Reproduce the whole listing exactly, omitting any picture it holds.

### Material provided
######
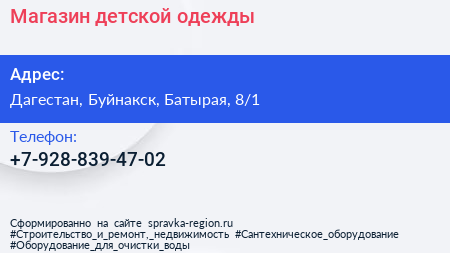 Магазин детской одежды по адресу Дагестан, Буйнакск, Батырая, 8/1 в дальнейшем Организация, размещена в следующих категориях:
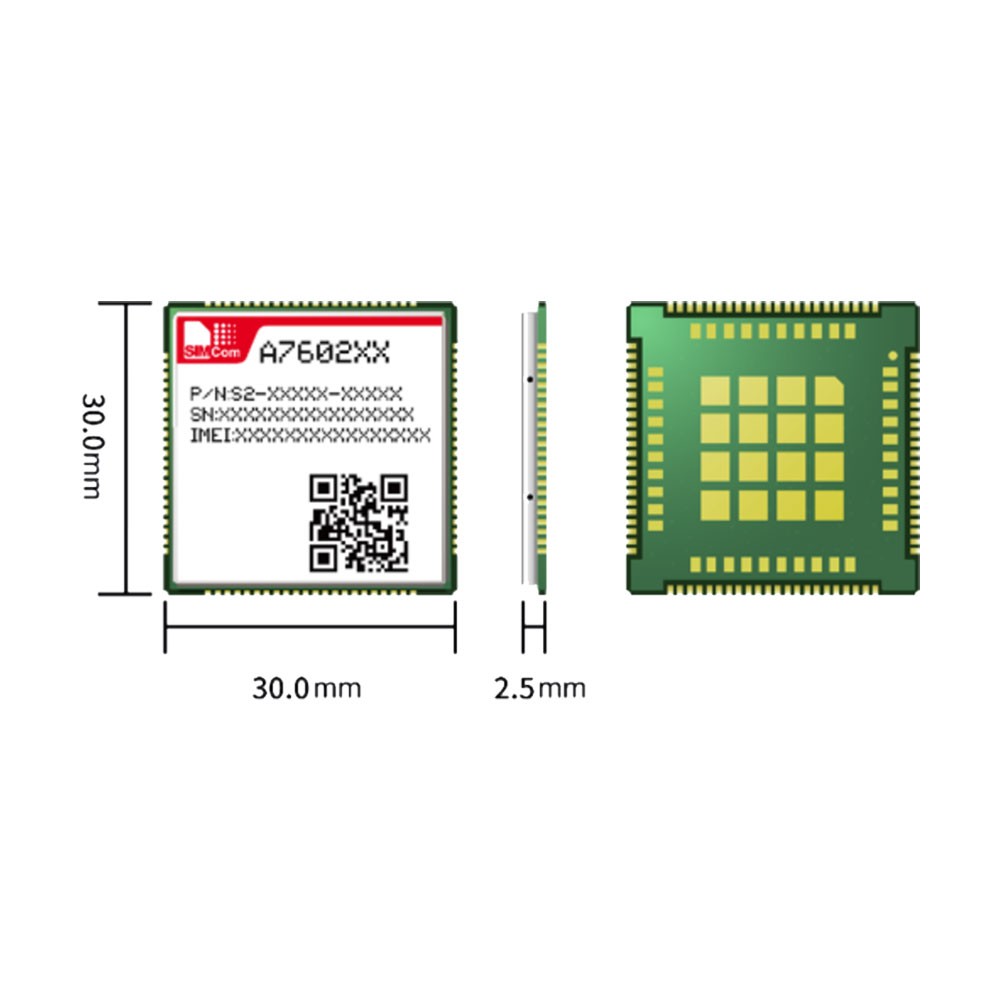 A7602E adopts LCC+LGA form factor and is compatible with SIM5320/SIM5360 series(UMTS/HSPA+ modules), and SIM7600/SIM7600-H series(LTE modules), which enables smooth migration from 3G products to LTE products, and greatly facilitates more compatible product design for the customer needs.
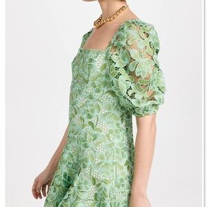 Shoshanna's resort collection features a green garden lace mini dress with a square neck and puff sleeves.
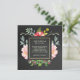 Estes bonitos convites de casamento chic mostram um adorável design de flor de pénia de cor aquosa. Seu convite de casamento está entre um quadrado central com folha de ouro falsa. O plano de fundo da placa tem um aspecto preto esmaecido de quadro. Nós usamos designs de LABFcreations.
######
### Answer for the task
 Магазин детской одежды по адресу Дагестан, Буйнакск, Батырая, 8/1 в дальнейшем Организация, размещена в следующих категориях:
 A7602E adopts LCC+LGA form factor and is compatible with SIM5320/SIM5360 series(UMTS/HSPA+ modules), and SIM7600/SIM7600-H series(LTE modules), which enables smooth migration from 3G products to LTE products, and greatly facilitates more compatible product design for the customer needs.
 Shoshanna's resort collection features a green garden lace mini dress with a square neck and puff sleeves.
 Estes bonitos convites de casamento chic mostram um adorável design de flor de pénia de cor aquosa. Seu convite de casamento está entre um quadrado central com folha de ouro falsa. O plano de fundo da placa tem um aspecto preto esmaecido de quadro. Nós usamos designs de LABFcreations.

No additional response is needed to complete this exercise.